Numerical methods for efficient blood flow simulations: application to coronary artery disease

The development of efficient mathematical models and numerical methods for the study of haemodynamics is becoming increasingly prominent in the analysis of pathological states of the cardiovascular system. Computational models contribute to medical diagnosis processes, reducing the need of classical invasive medical techniques, which are not risk-free for patients and generate high healthcare costs.
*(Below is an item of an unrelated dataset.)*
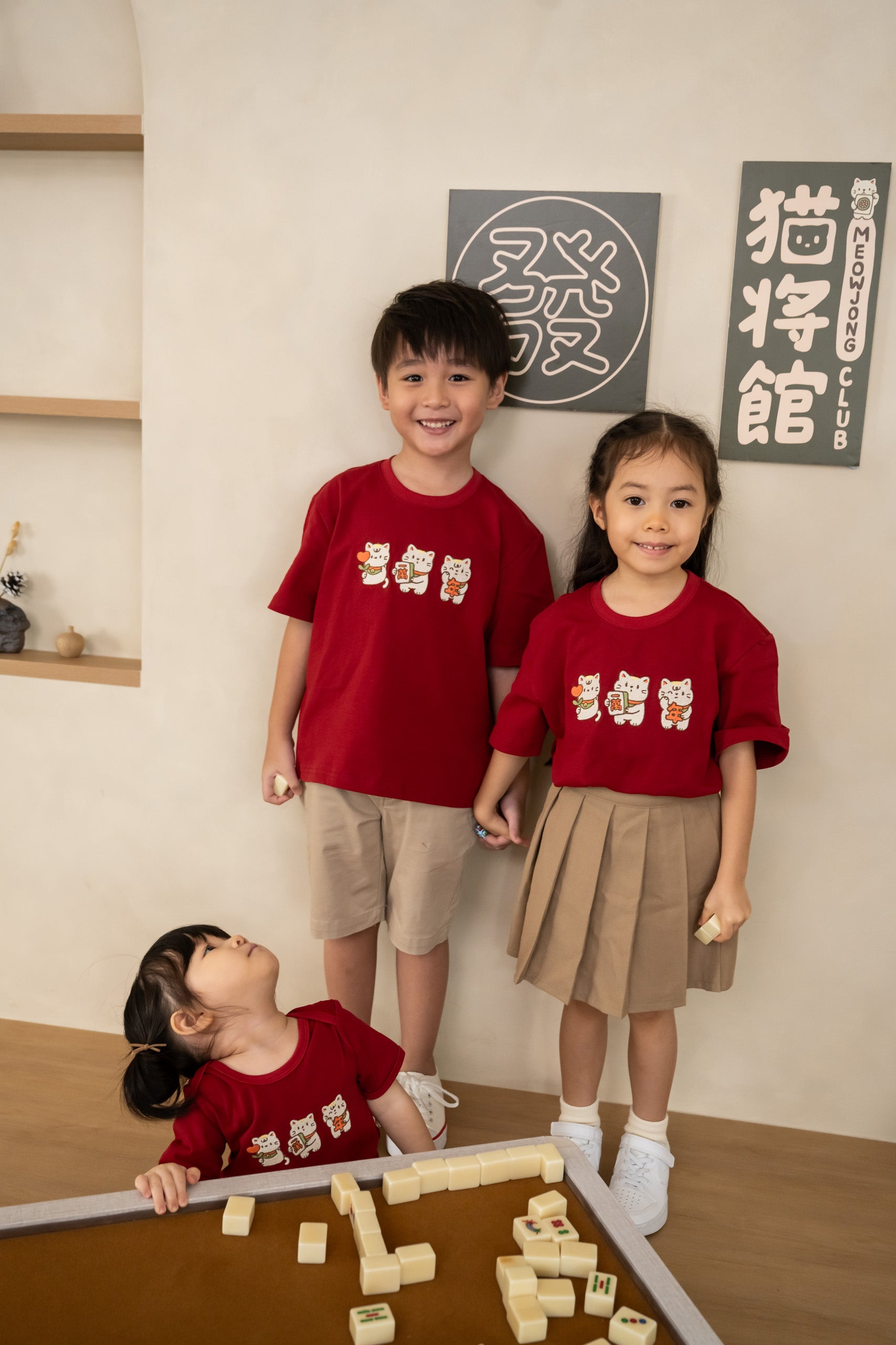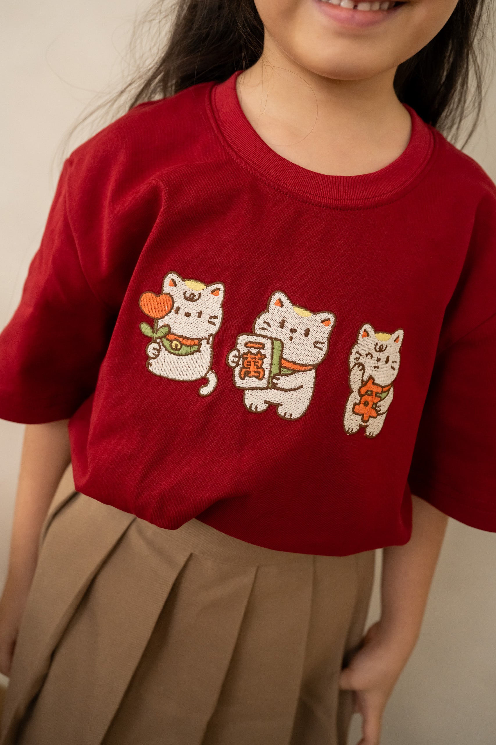 Meowjong Club - Love you 10000 years Embroidered Kid Tee in RED
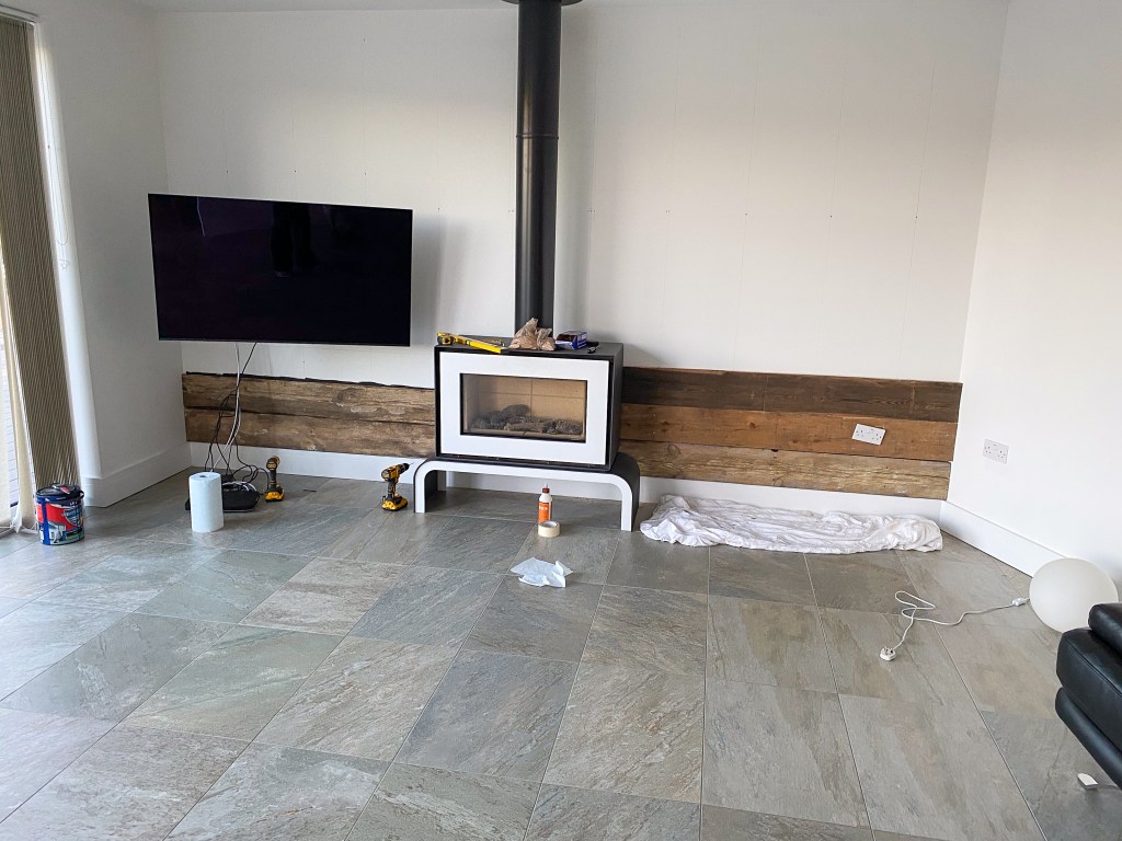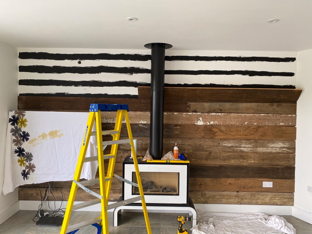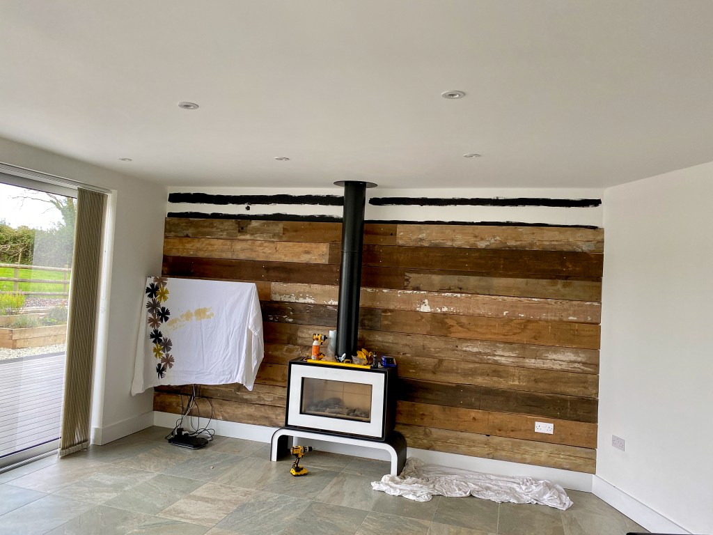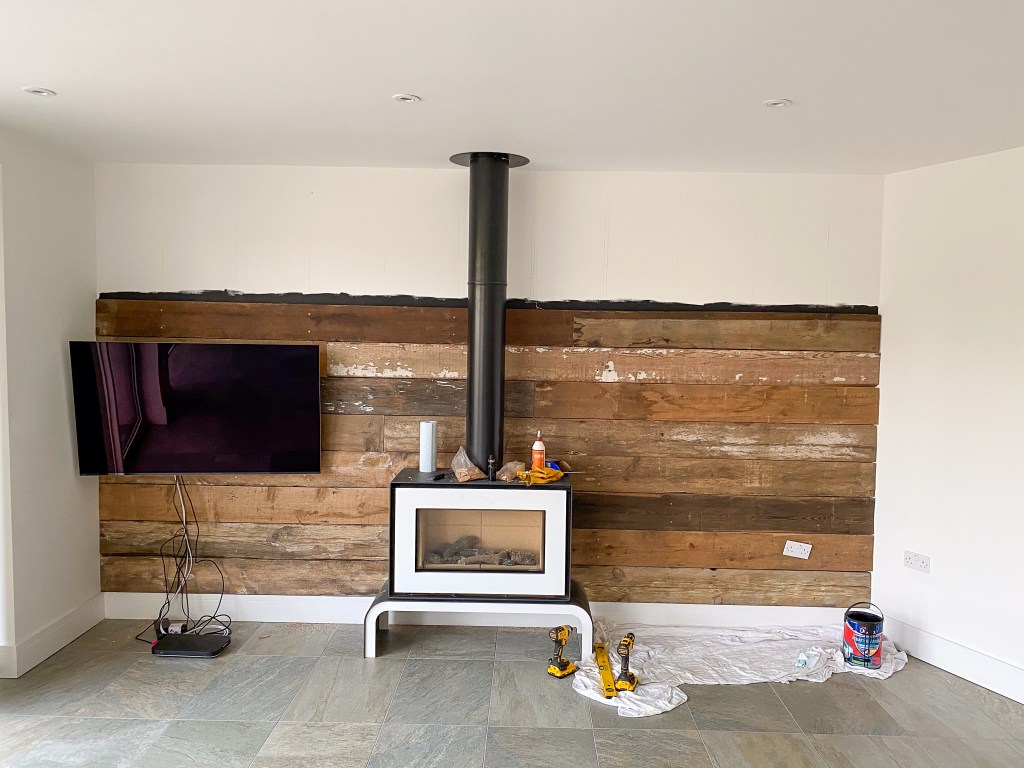 I left a 2mm gap between each board so painted the white wall with black paint so the gaps didn’t show up. In the space of a few hours, the wall was up. To say we’re chuffed with the difference it’s made is an understatement. We’ve created a whole new feel to this end of the large room and we use it more than any other area in the house. The contemporary gas fire adds to the cosiness in the winter and the combination of old/new matches in well.

The first part of this thesis focuses on the modeling and simulation of coronary blood flow, with emphasis on stable Coronary Artery Disease (CAD), a pathological condition that occurs when an abnormal narrowing builds inside coronary vessel walls. Our goal is to develop a CCTA-based Fractional Flow Reserve (FFR) model which incorporates clinical imaging and patient-specific characteristics to predict the haemodynamic behavior and properties of individuals, reducing the need for invasive measurements. A novel aspect of the proposed methodology is the inclusion of the pressure guidewire, used in clinical settings, and the assessment of its impact on local fluid dynamics and FFR predictions. Thereafter, the second part of this dissertation is devoted to the development of numerical methods for the simulation of incompressible flows with particular emphasis on the simulation of cardiovascular haemodynamics. A novel implicit hybrid finite volume/finite element methodology for the efficient simulation of blood flow is proposed and validated. The implicit discretization of the transport-diffusion equations making use of an inexact Newton-Krylov method with an SGS preconditioner yields to an efficient scheme avoiding the severe CFL condition arising in explicit or semi-implicit methods for blood flow dynamics. Besides, the Ducros flux function employed for the nonlinear convective terms leads to a provably kinetic energy stable scheme of the advection terms. In addition, a staggered semi-implicit method for the simulation of incompressible flows in one-dimensional elastic and viscoelastic vessels is proposed. The convective stage is treated explicitly in time, while the diffusive and pressure stage are handled implicitly to avoid strict bounds on the time steps. The one-dimensional methodology is then extended to networks of vessels by introducing a local three-dimensional representation of the junction.